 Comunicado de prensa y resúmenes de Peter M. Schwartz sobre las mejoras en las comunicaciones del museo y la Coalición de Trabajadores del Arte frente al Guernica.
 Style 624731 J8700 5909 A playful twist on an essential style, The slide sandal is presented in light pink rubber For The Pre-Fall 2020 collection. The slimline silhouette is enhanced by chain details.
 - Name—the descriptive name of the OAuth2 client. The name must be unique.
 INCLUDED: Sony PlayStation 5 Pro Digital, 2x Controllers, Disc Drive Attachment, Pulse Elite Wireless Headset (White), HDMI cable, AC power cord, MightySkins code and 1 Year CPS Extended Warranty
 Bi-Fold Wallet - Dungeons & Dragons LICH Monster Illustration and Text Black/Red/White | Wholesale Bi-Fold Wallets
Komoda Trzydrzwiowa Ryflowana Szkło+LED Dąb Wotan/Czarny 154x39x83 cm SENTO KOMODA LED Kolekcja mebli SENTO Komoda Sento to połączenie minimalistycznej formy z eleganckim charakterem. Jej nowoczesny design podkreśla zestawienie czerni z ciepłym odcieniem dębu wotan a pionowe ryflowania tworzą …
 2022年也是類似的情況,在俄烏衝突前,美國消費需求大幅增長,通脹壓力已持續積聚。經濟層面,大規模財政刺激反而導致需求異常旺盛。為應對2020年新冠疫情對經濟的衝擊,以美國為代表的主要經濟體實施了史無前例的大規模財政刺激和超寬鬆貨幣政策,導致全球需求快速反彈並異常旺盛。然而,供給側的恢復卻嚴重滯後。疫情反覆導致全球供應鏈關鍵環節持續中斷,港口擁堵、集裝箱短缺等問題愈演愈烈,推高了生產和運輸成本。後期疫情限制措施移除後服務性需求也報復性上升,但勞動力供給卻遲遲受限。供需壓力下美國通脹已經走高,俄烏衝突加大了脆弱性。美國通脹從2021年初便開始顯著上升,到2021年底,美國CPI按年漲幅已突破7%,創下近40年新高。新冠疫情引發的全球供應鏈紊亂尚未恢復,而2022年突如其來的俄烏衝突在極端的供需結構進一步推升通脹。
= = =
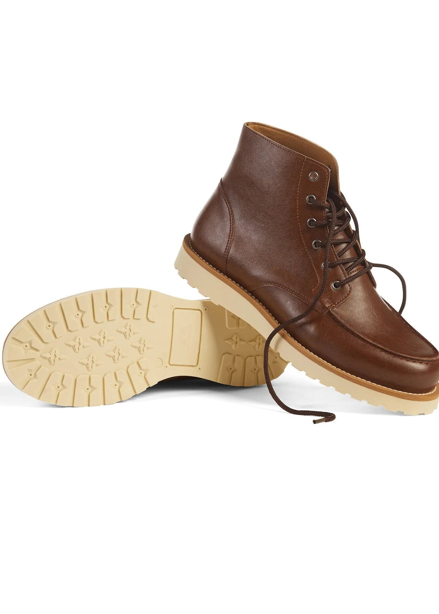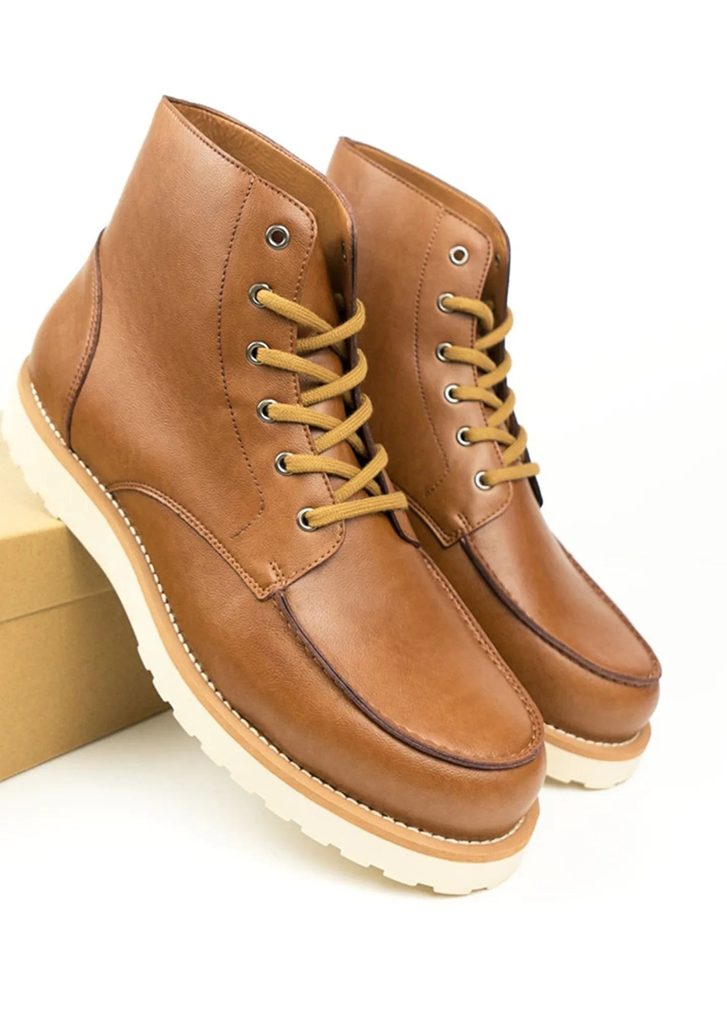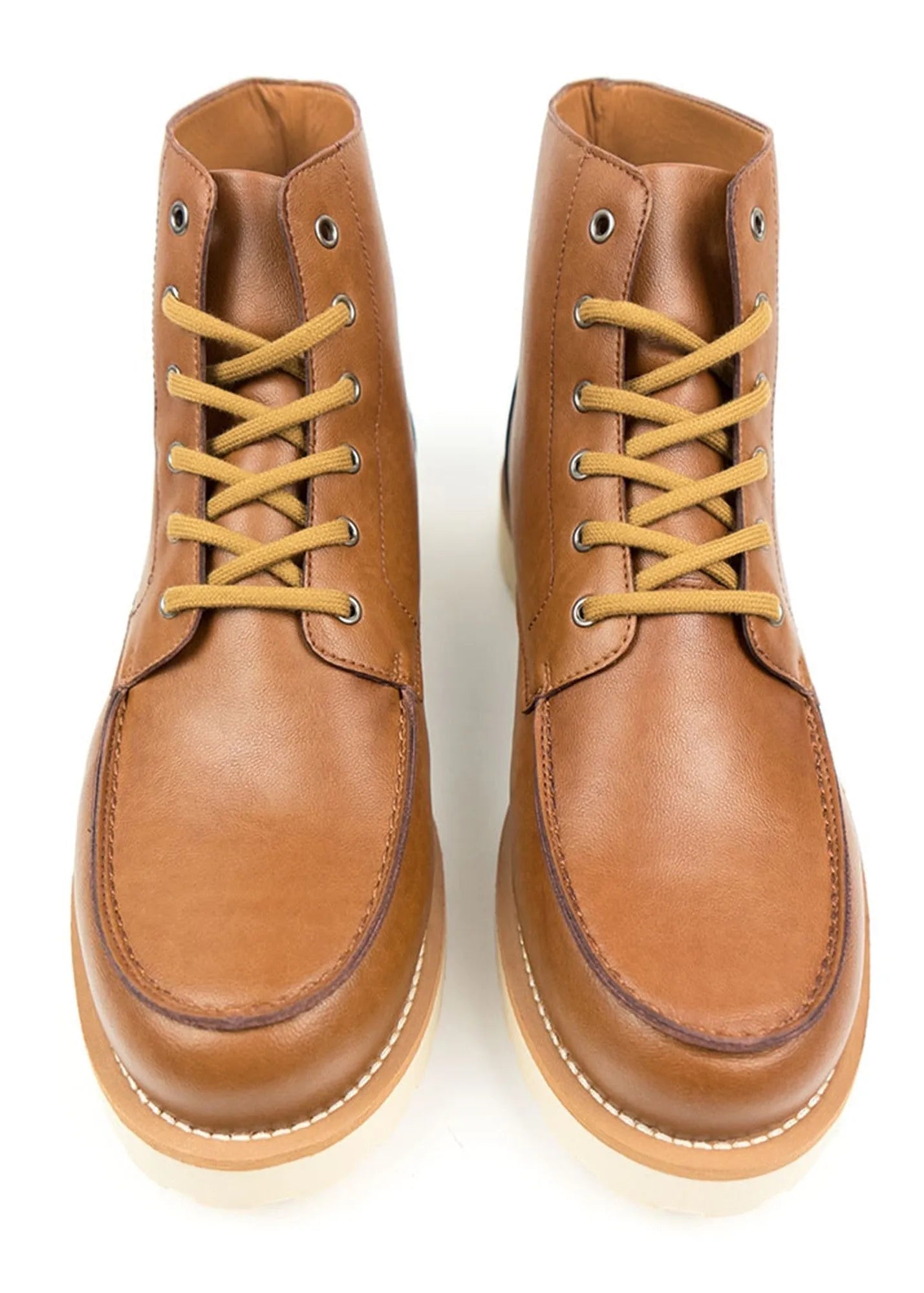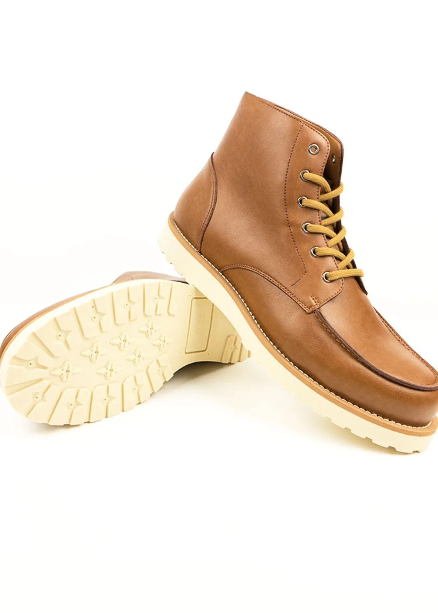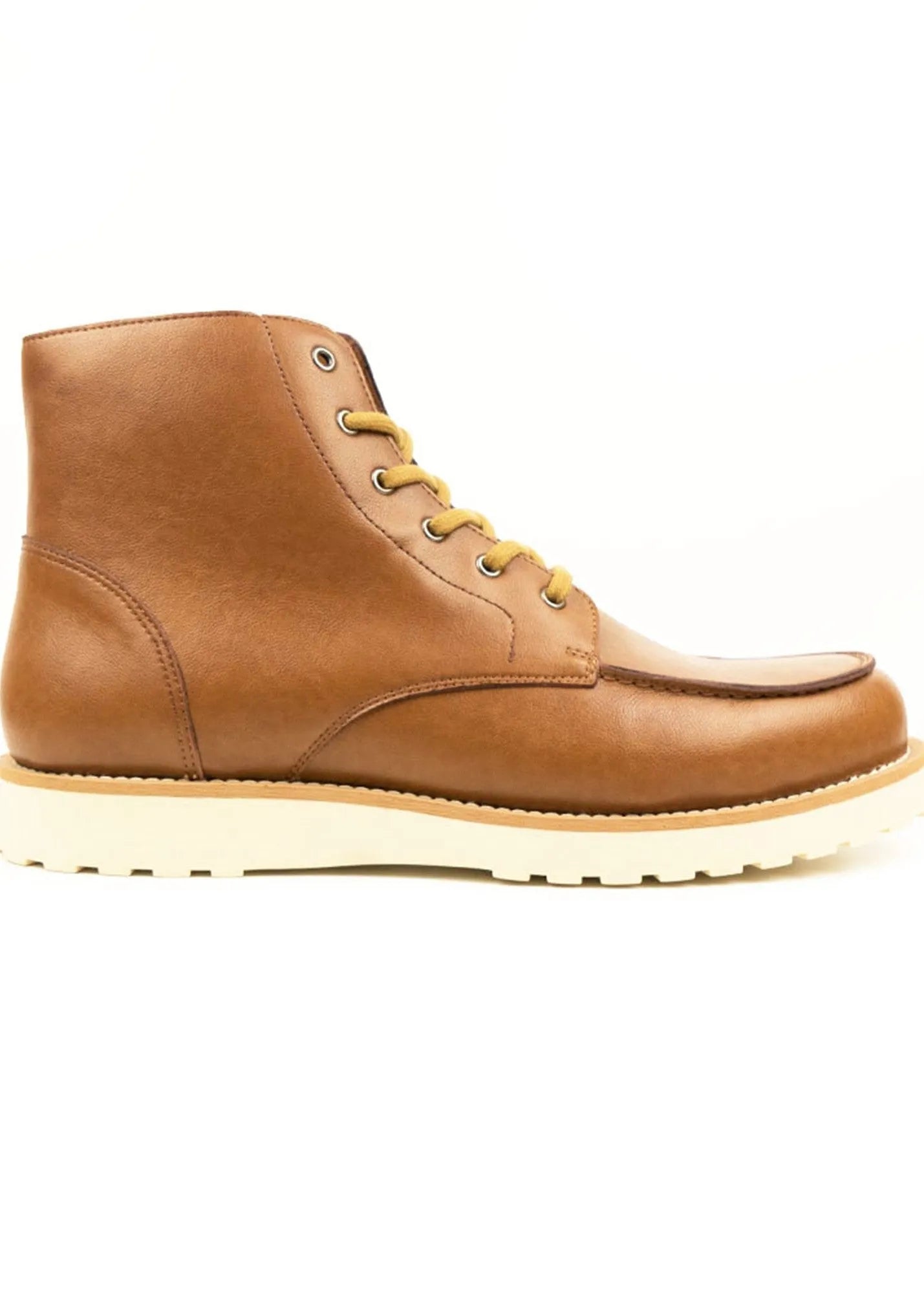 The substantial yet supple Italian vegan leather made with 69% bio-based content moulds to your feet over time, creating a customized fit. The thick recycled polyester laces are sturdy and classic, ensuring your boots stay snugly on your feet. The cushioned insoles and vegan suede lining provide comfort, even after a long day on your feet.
= = =
GOAL OF THE EXERCISE: Among the lines above, return each one holding the string "White".

COMPLETED TASK:
 INCLUDED: Sony PlayStation 5 Pro Digital, 2x Controllers, Disc Drive Attachment, Pulse Elite Wireless Headset (White), HDMI cable, AC power cord, MightySkins code and 1 Year CPS Extended Warranty
 Bi-Fold Wallet - Dungeons & Dragons LICH Monster Illustration and Text Black/Red/White | Wholesale Bi-Fold Wallets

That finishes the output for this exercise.